The Voconian law was made to hinder the women from growing too wealthy;
for this end it was necessary to deprive them of large inheritances, and
not of such as were incapable of supporting luxury. The law fixed a
certain sum to be given to the women whom it deprived of the succession.
Cicero,30 from whom we have this
particular, does not tell us what was the sum; but by Dio we are informed
it was a hundred thousand sesterces.31
The Voconian law was made to regulate opulence, not to lay a restraint
upon poverty; hence Cicero32
informs us that it related only to those whose names were registered in
the censors' books.
This furnished a pretence for eluding the law: it is well known that the
Romans were extremely fond of set forms; and we have already taken notice
that it was the spirit of the republic to follow the letter of the law.
There were fathers who would not give in their names to be enrolled by the
censors, because they would have it in their power to leave the succession
to a daughter: and the prætors determined that this was no violation
of the Voconian law since it was not contrary to the letter of it.
One Anius Asellus had appointed his daughter his sole heir and
executrix. He had a right to make this disposition, says Cicero;33
he was not restrained by the Voconian law, since he was not included in
the census. Verres, during the time of his prætorship, had deprived
Anius' daughter of the succession; and Cicero maintains that Verres had
been bribed, otherwise he would not have annulled a disposition which all
the other prætors had confirmed.
What kind of citizens then must those have been, who were not registered
in the census in which all the freemen of Rome were included? According to
the institution of Servius Tullius, mentioned by Dionysius of
Halicarnassus,34 every citizen not
enrolled in the census became a slave; even Cicero himself observes35
that such a man forfeited his liberty, and the same thing is affirmed by
Zonaras. There must have been therefore a difference between not being in
the census according to the spirit of the Voconian law, and not being in
it according to the spirit of Servius Tullius' institutions.
They whose names were not registered in the first five classes,36
in which the inhabitants ranked in proportion to their fortunes, were not
comprised in the census according to the spirit of the Voconian law: they
who were not enrolled in one of these six classes, or who were not ranked
by the censors among such as were called ærarii, were not included
in the census according to the spirit of Servius' institutions.
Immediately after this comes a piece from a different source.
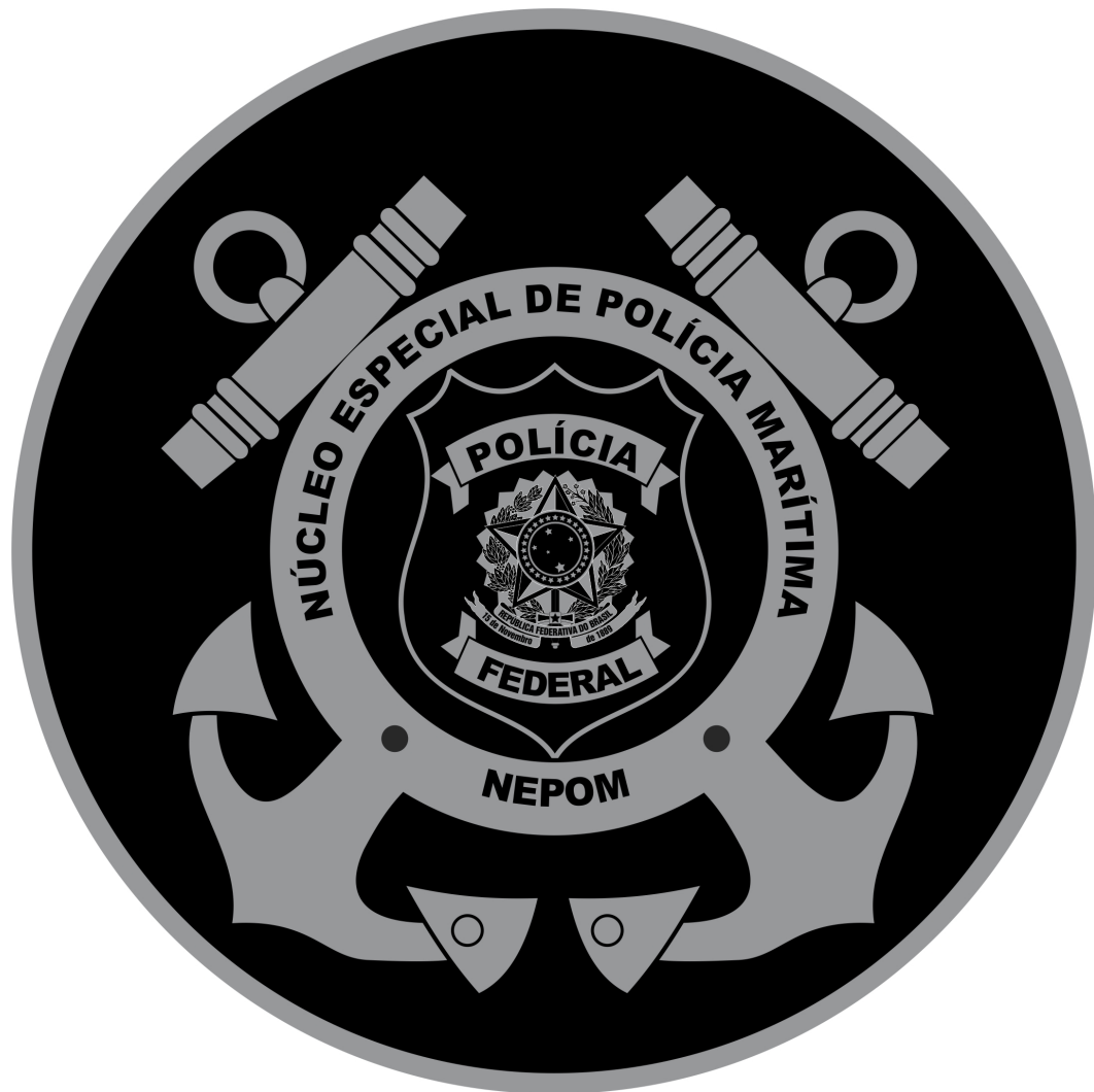
Emblema do NEPOM

Such was
the force of nature, that to elude the Voconian law fathers submitted to
the disgrace of being confounded in the sixth class with the proletarii
and capite censi, or perhaps to have their names entered in the Cærites
We have elsewhere observed that the Roman laws did not admit of
fiduciary bequests. The hopes of evading the Voconian law were the cause
of their being introduced: they instituted an heir qualified by the law,
and they begged he would resign the succession to a person whom the law
had excluded; this new method of disposition was productive of very
different effects. Some resigned the inheritance; and the conduct of
Sextus Peduccus on an occasion of this nature was very remarkable.38
A considerable succession was left him, and nobody living knew that he was
desired to resign it to another, when he waited upon the widow of the
testator and made over to her the whole fortune belonging to her late
Others kept possession of the inheritance; and here the example of P.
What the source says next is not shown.